HOW IS THE TEST PERFORMED ?

You will be given a liquid that contains  50 grams of glucose to drink. This liquid tastes very sweet and you need to drink all within five minutes. Your blood is drawn an hour later. This test checks how efficiently your body processes sugar.

If your blood sugar is too high, you will need to go back for  a three-hour glucose tolerance test. You don’t need to eat or drink anything for 8 – 14 hours before your test. You can only take small sips of water.  You cannot eat anything during the test.You will be given the liquid containing glucose to drink. Your blood will be drawn every 30 – 60 minutes to check for your blood sugar. This test takes at least 3 hours.

NORMAL RESULTS

A normal result is a blood sugar that is equal to or less than 140mg/dL 1 hour after drinking the glucose solution. If your  blood glucose is higher than 140 mg/dL, it means the results are abnormal and you will need to go back for an oral glucose tolerance test. You should note that most women whose glucose screening test shows elevated blood sugar don’t turn out to have gestational diabetes.

ABNORMAL RESULTS

An abnormal result for three-hour glucose tolerance test is as follows

  • Fasting: greater than 95 mg/dL
  • 1 hour: greater than 180 mg/dL
  • 2 hour: greater than 155 mg/dL
  • 3 hour: greater than 140 mg/dL

If only one of your result is higher than normal, your doctor will suggest diet changes. If more than one result is higher than normal, you have gestational diabetes.
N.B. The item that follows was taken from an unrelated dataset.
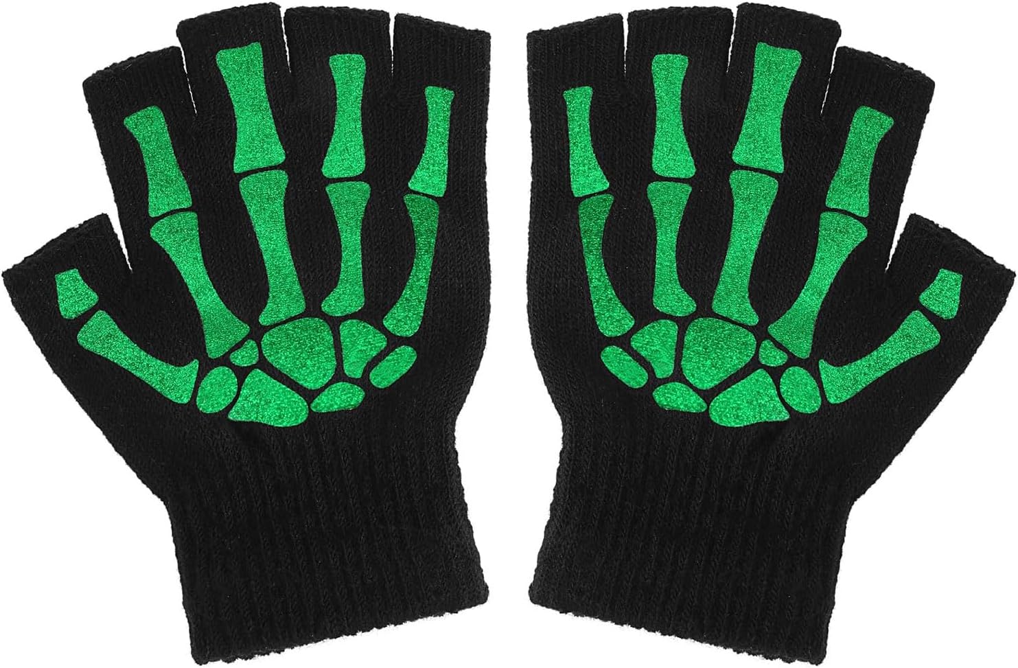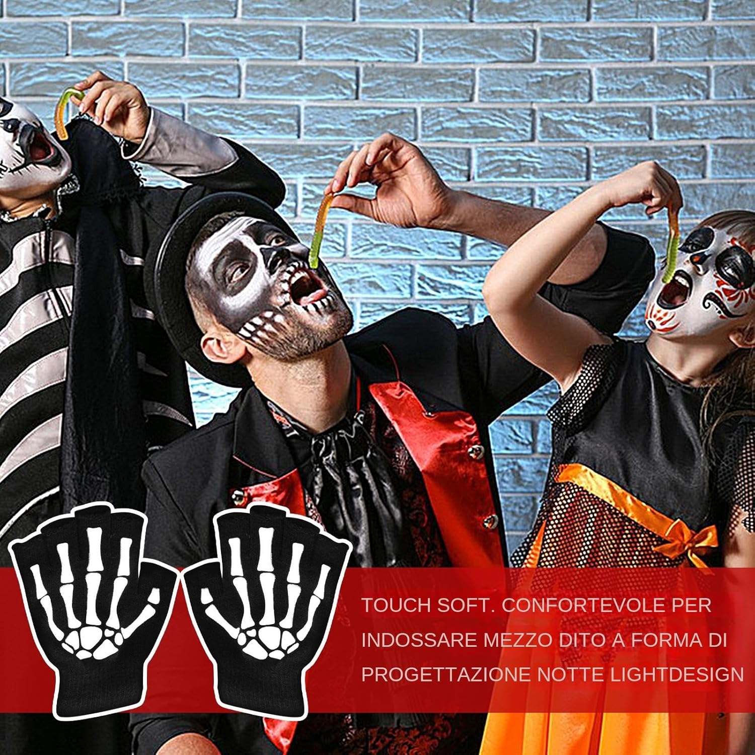 Guanti con teschio, Guanti con teschio per bambini, con mezze dita per Halloween che si illuminano al buio, con che brillano al buio per carnevale, feste in maschera, fes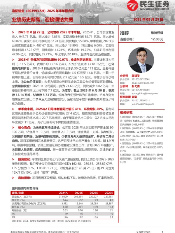 【民生证券】【202508】洛阳钼业(603993)2025年半年报点评:业绩历史新高,迎接铜钴共振-20页 证券期货研究报告

WHY IS  A GLUCOSE SCREENING TEST PERFORMED ?

This test is usually done between 24 and 28 weeks of pregnancy. The test may be done earlier if you are at risk of diabetes or you’ve had  high glucose levels in your urine during your routine prenatal visits. Women who have a low risk of getting diabetes may not have the test. To be considered low risk for diabetes, all the following statements must be true

  • younger than 25 years old and have a normal weight
  • your ethnic group has a low risk of diabetes
  • you have never had a test that showed your blood glucose was higher than normal.
  • you have not had any problems with earlier pregnancy
  • you do  not have any first-degree relatives (parent, sibling, or child) with diabetes

Diabetes. Are you at risk ?

NOTE

There are no special preparations for this test. It is best to take it in the morning because you cannot eat or drink anything8 to  14 hours before the test. You can only have  sips of water. Some people feel nauseated , light-headed or sick after the test. Serious side effects of glucose screening test are very rare.

If you have gestational diabetes , you will work with your practitioner or a diabetes specialist and a nutritionist. Your high blood sugar level only last during the pregnancy. Some women  however still have diabetes after delivery

REFERENCES
Glucose screening and glucose tolerance tests. BabyCenter.http://www.babycenter.com/0_glucose-screening-and-glucose-tolerance-tests_1483.bc?page=1. Access January 8, 2014

Glucose tolerance test. American Pregnancy Association. http://americanpregnancy.org/prenataltesting/glucosetest.html. Access January 8, 2014

Glucose Screening and Glucose Tolerance Testing. Parents. http://www.parents.com/pregnancy/stages/2nd-trimester-tests/glucose-screening-glucose-tolerance-testing/. Access January 8, 2014

Glucose screening and tolerance tests during pregnancy. National Library of Medicine. MedlinePlus. http://www.nlm.nih.gov/medlineplus/ency/article/007562.htm. Access January 8, 2014

The American Heritage® Stedman’s Medical Dictionary. Retrieved January 2014 from Dictionary.com website.http://dictionary.reference.com.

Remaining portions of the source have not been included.